After drinking a full glass of brandy, I got down the stairs rather clumsily, but I didn’t flop on my bed to sleep it off, I wanted to get all this down before I forgot it. And I’m sitting here with my Biro in my hand wondering why I’m not outraged, why I’m not of a mind to give Mrs. Delvecchio Schwartz the sharp edge of my tongue for exploiting her weeny daughter. I do have a sharp edge to my tongue. But this is so far from anything I know or understand, and even in the short time I’ve lived here, I’ve grown a lot. At least that’s how I feel. Sort of new and changed. I like that monstrosity named Mrs. Delvecchio Schwartz, but I love her child. What stills the sharp edge of my tongue, Horatio, is the realisation that there are indeed more things in heaven and earth than Bronte’s philosophy ever dreamed of. And I can’t go back to Bronte any more. I can never go back to Bronte.

Flo the medium.

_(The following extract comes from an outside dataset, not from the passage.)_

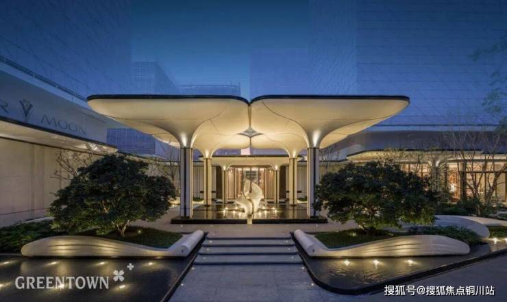 整石切割的门头水景石材、奢石雕刻的电梯厅墙面,以浑然天成的细腻质感,于潜移默化中彰显价值与品位;标志性的芝兰玉树,从2:1到2.6:1进行比例迭新,架空层与街区创新融和,让空间体验更加充满“生息”。
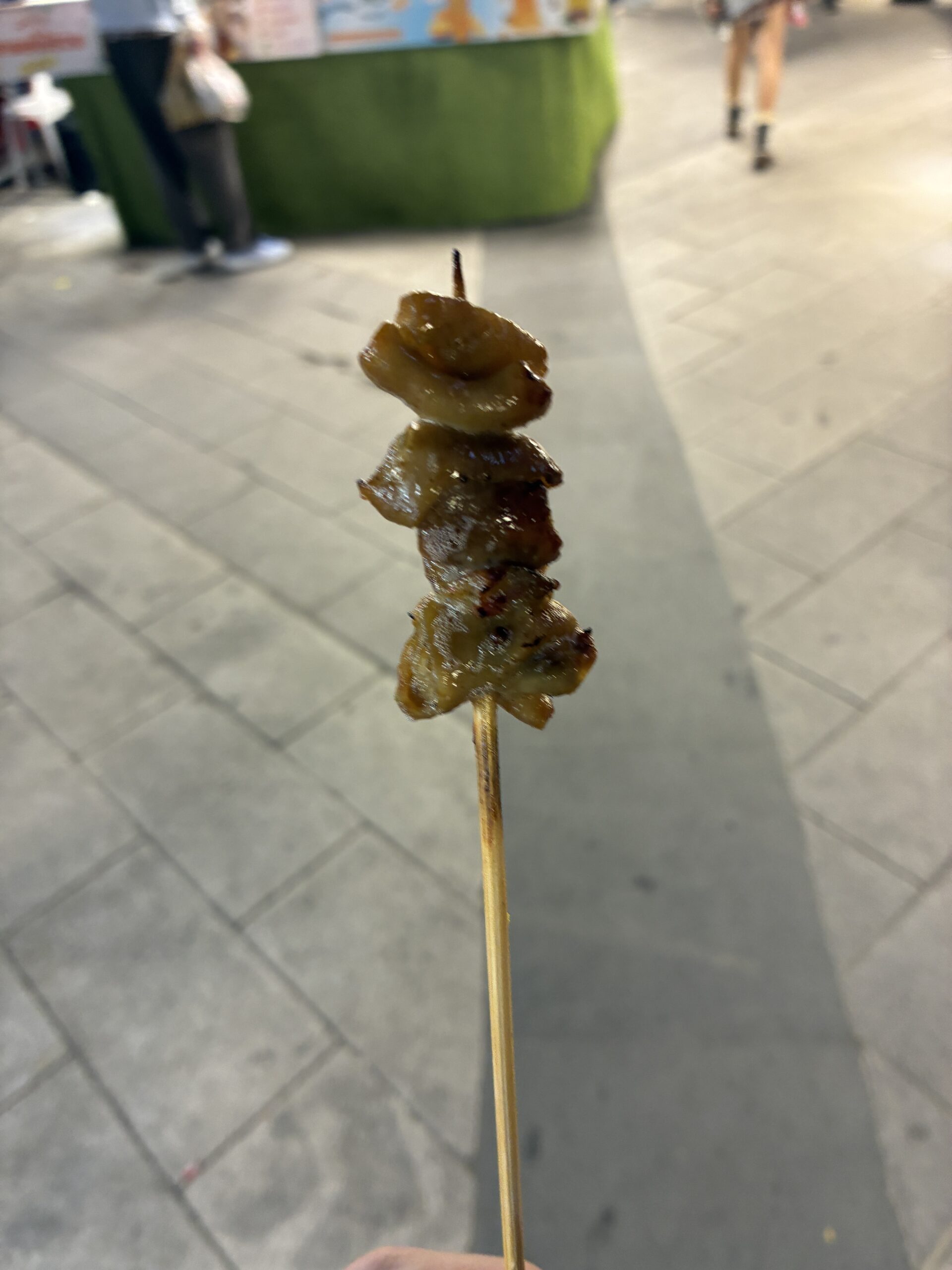 「今回絶対屋台ではご飯を食べない」と意気込んでいたのですが、百聞は一見にしかずということで、焼き鳥のようなものを購入。

Her mother had implied that she herself communicated with the dead through the Glass, but she hadn’t really described Flo’s mediumistic activities as concerned with the dead. Flo knows the answers to the questions “me ladies” ask. I conjured up visions of “me ladies” and had to admit that they didn’t look like women chasing beloved phantoms. All different, but none with that air of unassuaged grief. Whatever drove them to seek help from Mrs. Delvecchio Schwartz was, I somehow knew, connected to this world, not the next. Though Flo was not of this world.

Perhaps in the beginning, when it was a racket to earn the money she was desperate for, Mrs. Delvecchio Schwartz valued money. I imagine it bought her The House. But these days? In that bare, bleak, awful surrounding? Mrs. Delvecchio Schwartz doesn’t give tuppence for comfort, and nor does Flo. Wherever they dwell, it isn’t among pretty dresses and comfy couches. I can even understand why Flo is still feeding off the breast. It’s a link with her mother she needs. Oh, Flo! Angel. Your mother is the whole of your world, its beginning and its end. She’s your anchor and your refuge. And I am honoured that you’ve welcomed me into your affections, angel. I feel blessed.